# TASK DIRECTIONS:
For this exercise, retype the lines from the one that holds "Norgescup og kretsmeisterskap – s. 14" through the one that holds "Iglesia de la" in the records below, both included, exactly and without pictures.
*** Opening DATA ***
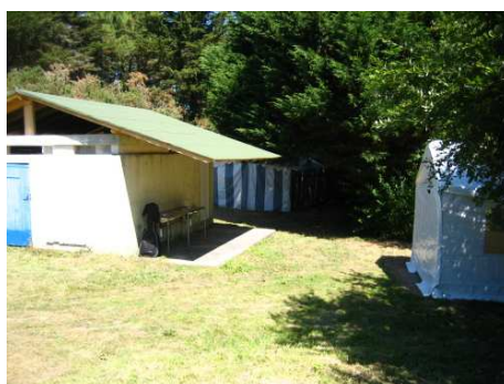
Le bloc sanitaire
*** Closing DATA ***
*** Opening DATA ***
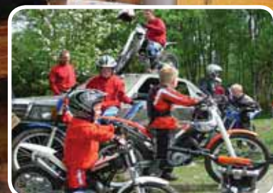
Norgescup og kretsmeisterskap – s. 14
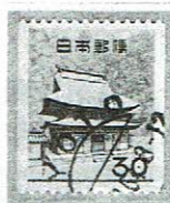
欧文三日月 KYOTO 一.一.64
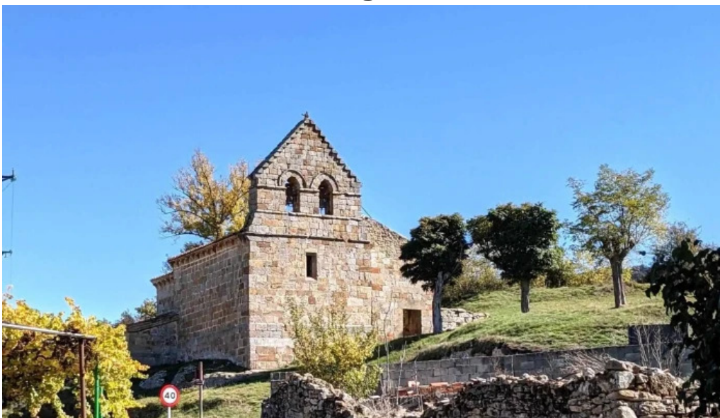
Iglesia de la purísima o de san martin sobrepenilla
*** Closing DATA ***
# SOLUTION BELOW:
Norgescup og kretsmeisterskap – s. 14
欧文三日月 KYOTO 一.一.64
Iglesia de la purísima o de san martin sobrepenilla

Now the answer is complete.